第三十五章 変化し続ける存在
「本当にこっちで合っているのか? いっこうに着く気配がしないぞ」
肩で呼吸をしながら、目の前に迫ったアースクリアでさえ見たことのない異形のモンスターを斬り伏せて、バルムンクが來栖へと問いかける。
「あってるかどうかの確信はないよ。僕もここに来るのは初めてなんだ、選んだ道の先が正解とは限らない…………手掛かりはこれしかないからね」
同じく肩で呼吸を繰り返しながら、來栖はバルムンクにリーシアに渡した指輪からの反応を拾う旧文明の機械を見せつけた。
機械は、現在地とリーシアに渡した指輪からの反応との距離と方角を光で示していた。仮に障害物のない一直線の道であればすぐに辿り着いたのであろうが、生憎デミスの体内はどの方角に道が続いているのかわからない迷路。分岐の度に可能性の高い道を選択して着実に近付いてはいたが、それでも今進んでいる道が正解である保証はなかった。

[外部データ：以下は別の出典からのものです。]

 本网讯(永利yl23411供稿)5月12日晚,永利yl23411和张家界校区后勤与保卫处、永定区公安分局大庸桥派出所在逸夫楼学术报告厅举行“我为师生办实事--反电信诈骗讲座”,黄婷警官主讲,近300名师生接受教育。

「とは言っても……限界が近いわよ、敵も休ませてくれる気はないみたいだし」
焦燥した顔つきで、新たに肉壁から這い出るように現れたモンスター、そして変異体にパルナは目を向ける。倒しても無限に現れる敵を相手にしていてもキリがなく、一同は、敵が現れる前に走ることで少しでもデミスの核到着までの戦闘回数を減らそうと、ここまでずっと走りっぱなしだった。

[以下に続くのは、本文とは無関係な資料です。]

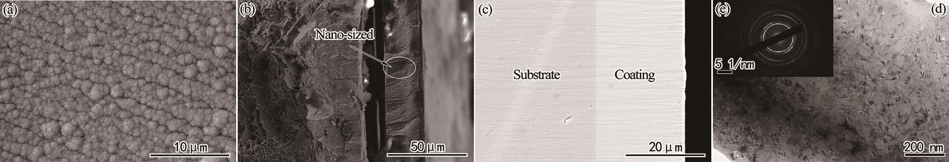 | Fig.2 Surface (a), fractured cross-section (b), polished cross-section (c) and TEM (d) images of the as-sputtered nanocrystalline coating, the inset in (d) shows selected electron diffraction rings (e) |

クルルによる身体能力強化の魔法もあったため、走ることに問題はなかったが、それでも長時間走りっぱなしだと身体に影響を及ぼす。何故なら一同は既に、三日間はデミスの体内を彷徨っていたからだ。
休む間をほとんど与えられず、ずっと戦いながら走り続ける状況はアースクリア出身者の強靭な肉体といえ耐えられるものではなく、一同の精神を徐々に、確実に蝕んでいた。
不幸なことに、この三日間でデミスの体内に突入した部隊の半数以上の戦力が、唐突に出現する敵を相手に命を落とした。

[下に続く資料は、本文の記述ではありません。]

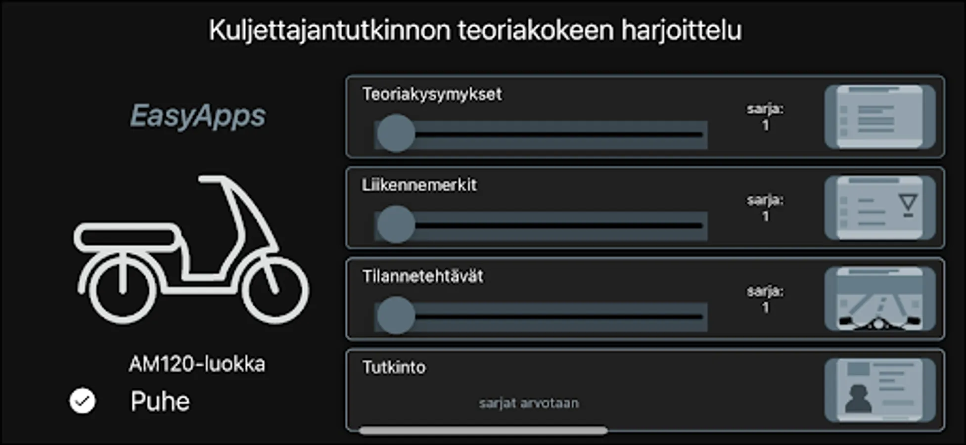 In the AM120 class: 100 snapshots, 90 theory questions, 40 traffic signs.

最初にやられたのは、火力はあっても狭い中では真価を発揮できないラストスタンドからだった。
元々、長時間移動し続けられる機体でもなく、エネルギーが尽きて動けなくなったところを『まるで狙っていたかのように』出現した敵によって破壊され、搭乗者も殺された。
次に狙われたのは、同行していた僧侶たちだった。
それを断たなければ重傷を負わせても回復されてしまうことを知っているように、僧侶たちは執拗に狙われ続け、さらには回復されることを恐れて息の根が止まるまで徹底的にぐちゃぐちゃにされた。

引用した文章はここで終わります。